- Required action -
Return every line of the records, exact and in full, until you have returned the line with "Итальянский купонный полушерстяной", and include none of the pictures.

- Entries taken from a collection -
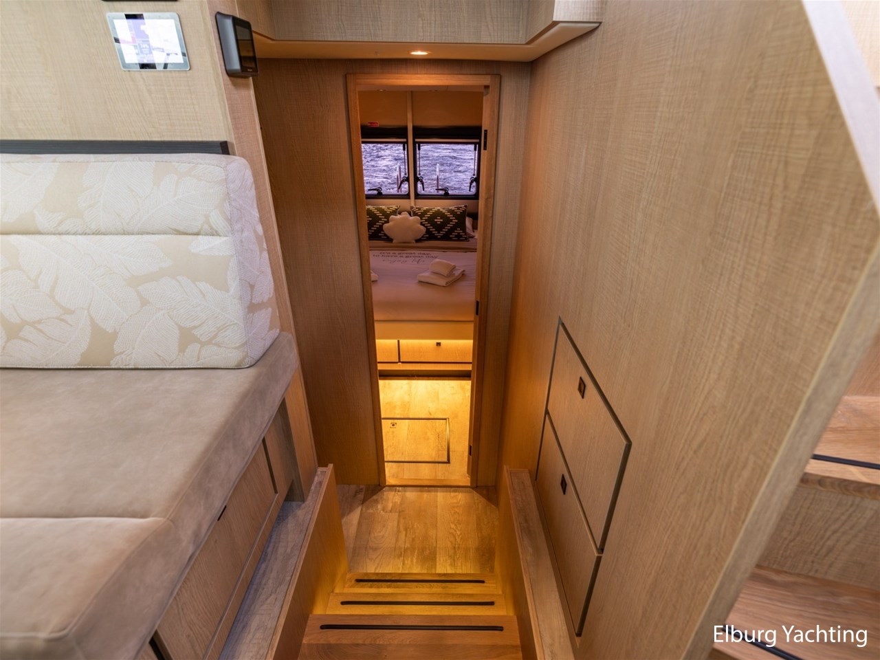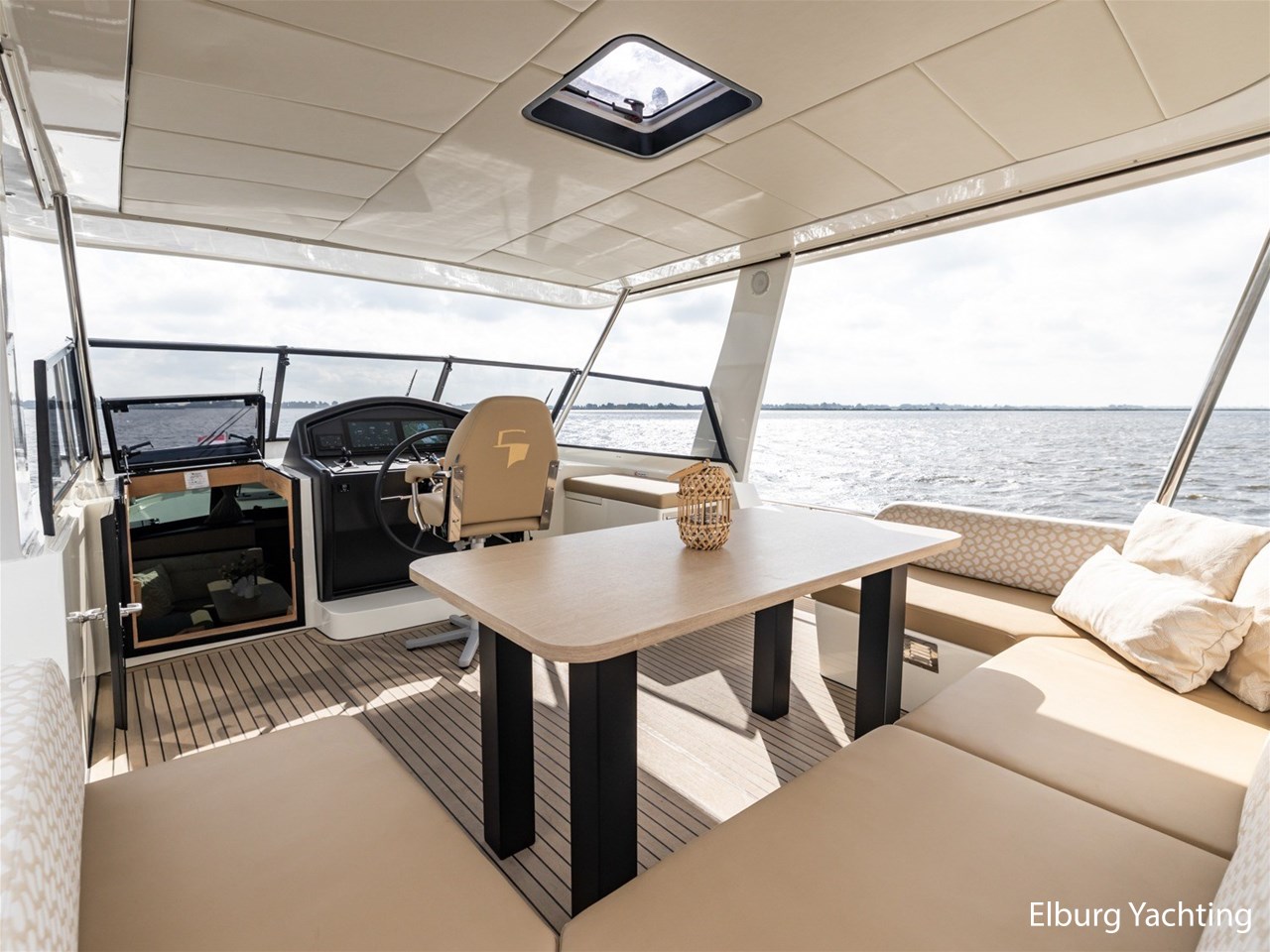 - Geïntegreerd in casco, met draaitrappen naar achterdek
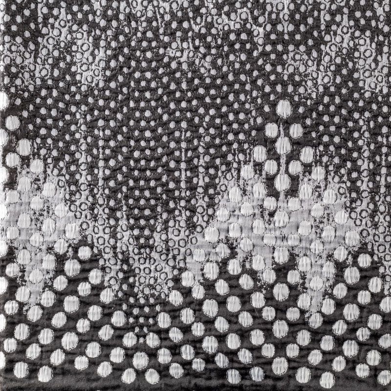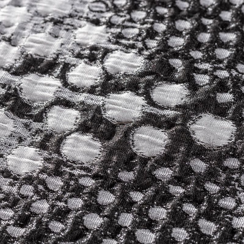 Итальянский купонный полушерстяной жаккард черного цвета с пестрым белым узором, который создает оригинальный объемный эффект. Фактура ткани напоминает тканое полотно, ткань плотная, практичная и прочная. Она хорошо держит форму. Рисунок расположен от кромки до кромки и имеет довольно большой раппорт, поэтому ткань набирается на изделие объемом кратно купону. Отлично подойдёт для пошива утепленного или легкого пальто, жилета, жакета, бомбера, юбки.
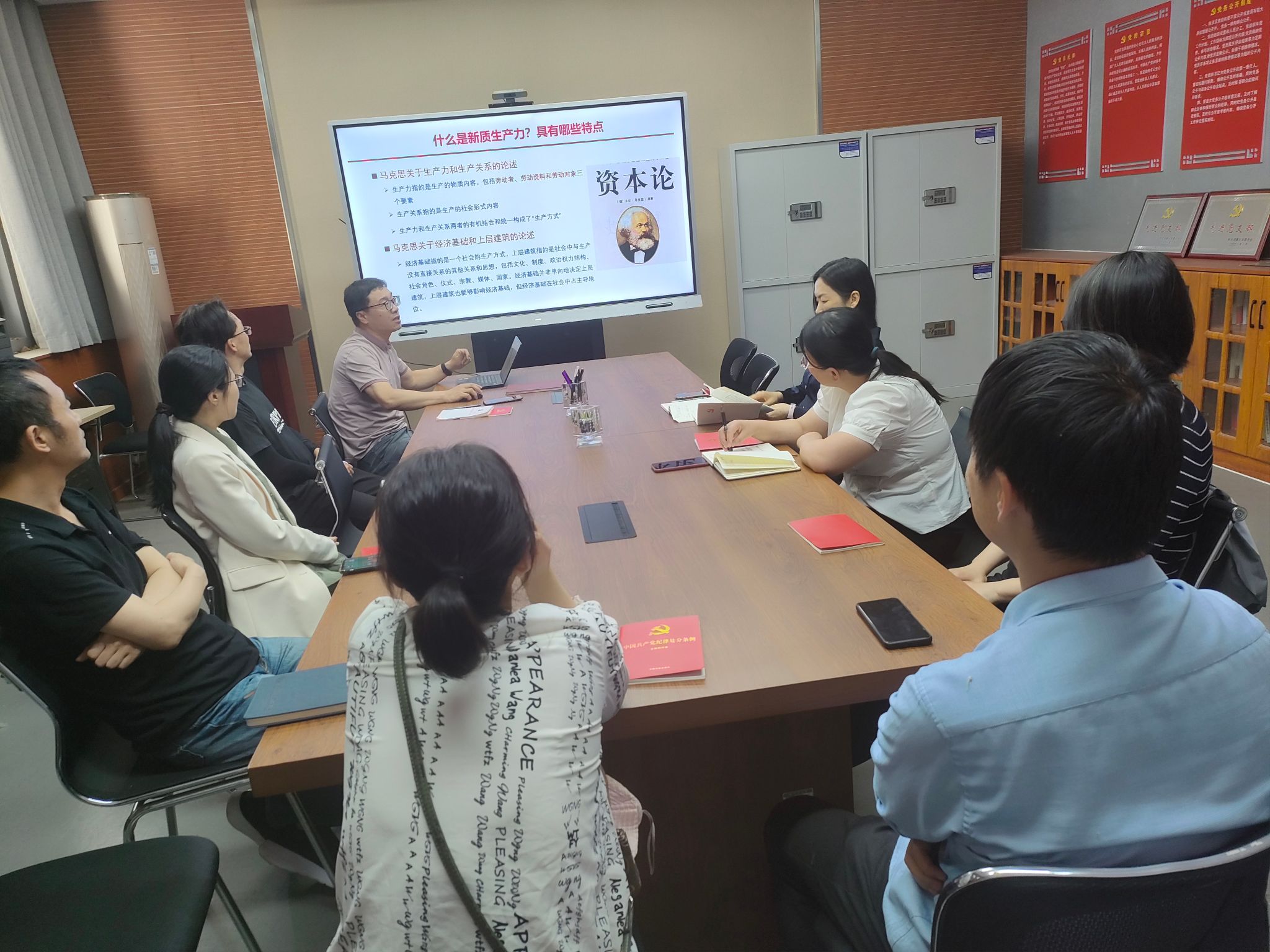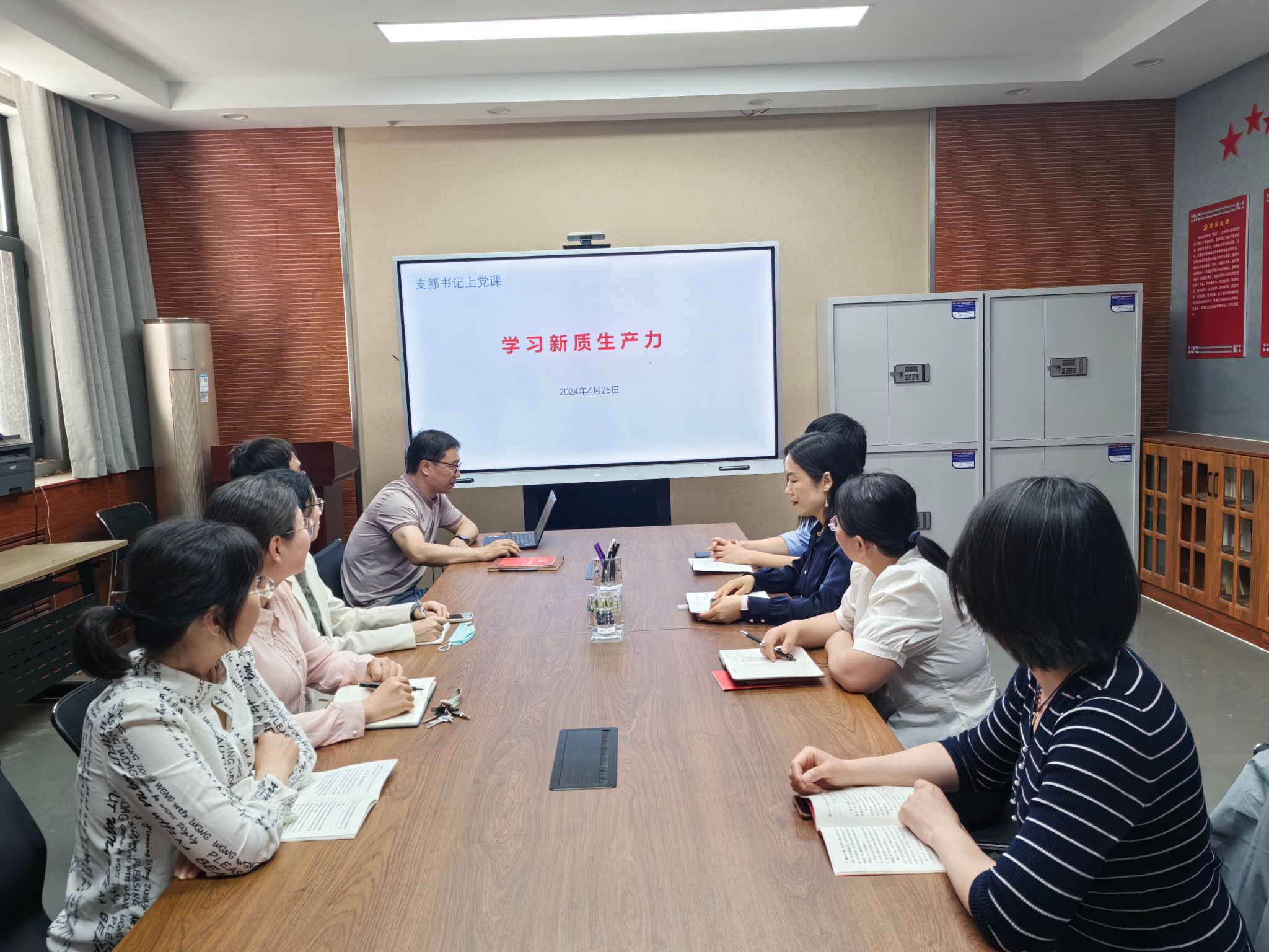 作为党纪学习教育的实践,支部书记高安礼以“学习新质生产力”为题讲了一次党课。他从新质生产力的含义、新质生产力提出、新质生产力提出的时代背景以及如何发展和培育新质生产力等几个方面进行了全面解读。大家一致认为,技术创新和人才培养是发展新质生产力的必然要求;作为高校教育科研工作者,我们要坚持立德树人,专注科研创新,为新质生产力培育贡献力量。
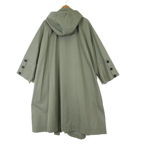 • ヴィヴァプレスト VIVA PRESTO コート モッズ風 ロングコート ジップアップ フード ラグランスリーブ M 38 セージグリーン 美品 レディース
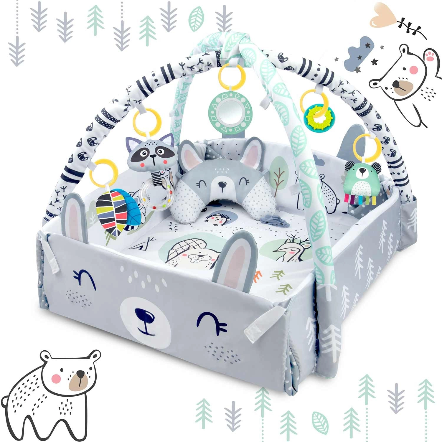Incluye 7 juguetes originales, entre ellos un espejo, sonajeros, elementos crujientes y un juguete con pitido con cintas sensoriales. Los juguetes y los arcos acolchados pueden reubicarse o retirarse con facilidad. El cojín para tummy time con lado minky suave favorece la correcta colocación y el fortalecimiento de los músculos del cuello y la espalda.
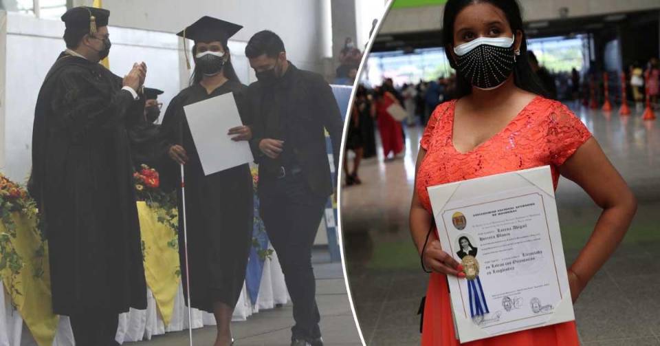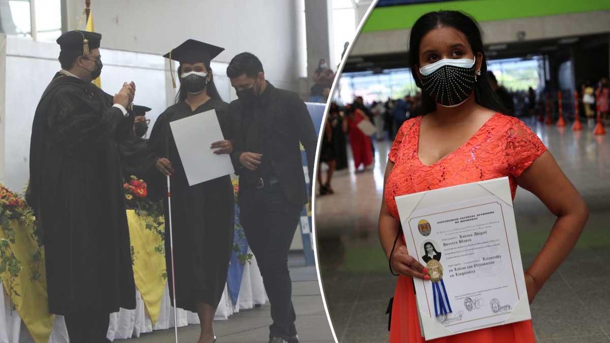 La joven se graduó este día de la Universidad Nacional Autónoma de Honduras (Unah) en la carrera de Letras con Orientación en Lingüística, a pesar de no contar con el sentido de la visión desde pequeña.
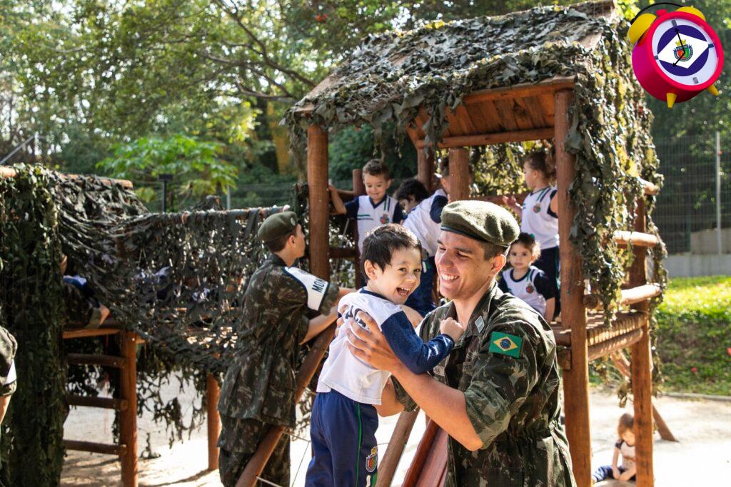 Participaram alunos de 2 a 5 anos, encantados com a camuflagem que deixou o parquinho igual a uma floresta. “Já realizamos atividades educativas em escolas, mas é a primeira vez que atendemos crianças dessa faixa etária. É um prazer estar aqui realizando essa atividade e exercitando a mão amiga do Exército Brasileiro junto à comunidade escolar”, disse o subtenente Leal.
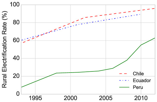 Rural Electrification Rate in Chile, Ecuador, and Peru. Source: Own elaboration based on data from [4,59,60] (for Ecuador data are only available until 2010).
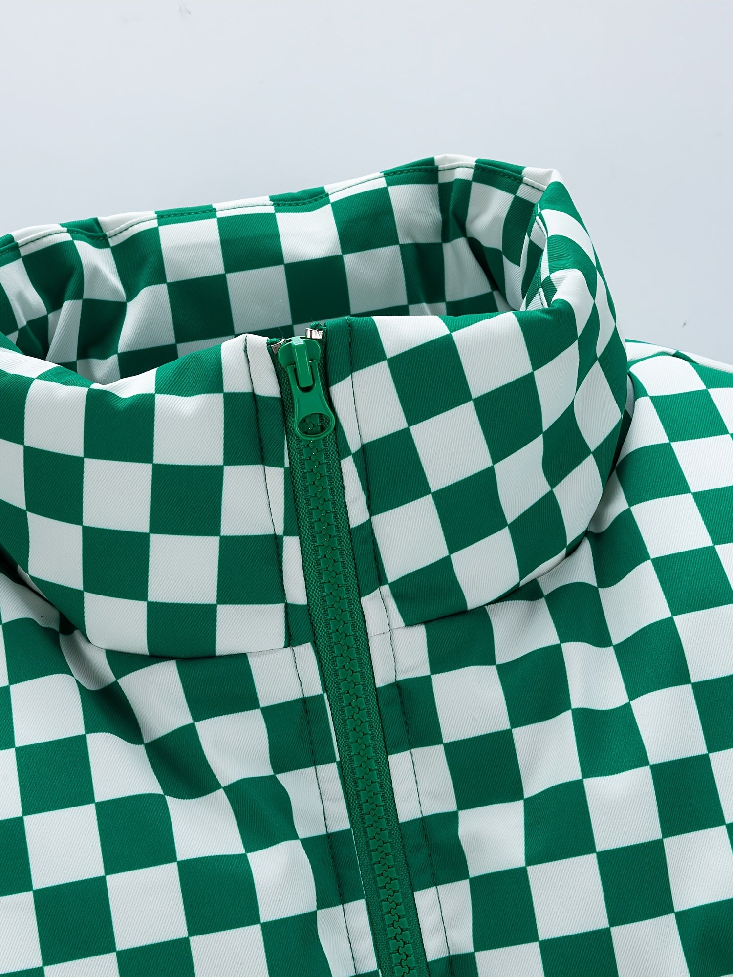 Chaqueta de invierno acolchada para hombre, verde y blanca, con diseño de cuadros, gruesa y aislada, con cuello alto

- Solution to this problem -
 - Geïntegreerd in casco, met draaitrappen naar achterdek
 Итальянский купонный полушерстяной жаккард черного цвета с пестрым белым узором, который создает оригинальный объемный эффект. Фактура ткани напоминает тканое полотно, ткань плотная, практичная и прочная. Она хорошо держит форму. Рисунок расположен от кромки до кромки и имеет довольно большой раппорт, поэтому ткань набирается на изделие объемом кратно купону. Отлично подойдёт для пошива утепленного или легкого пальто, жилета, жакета, бомбера, юбки.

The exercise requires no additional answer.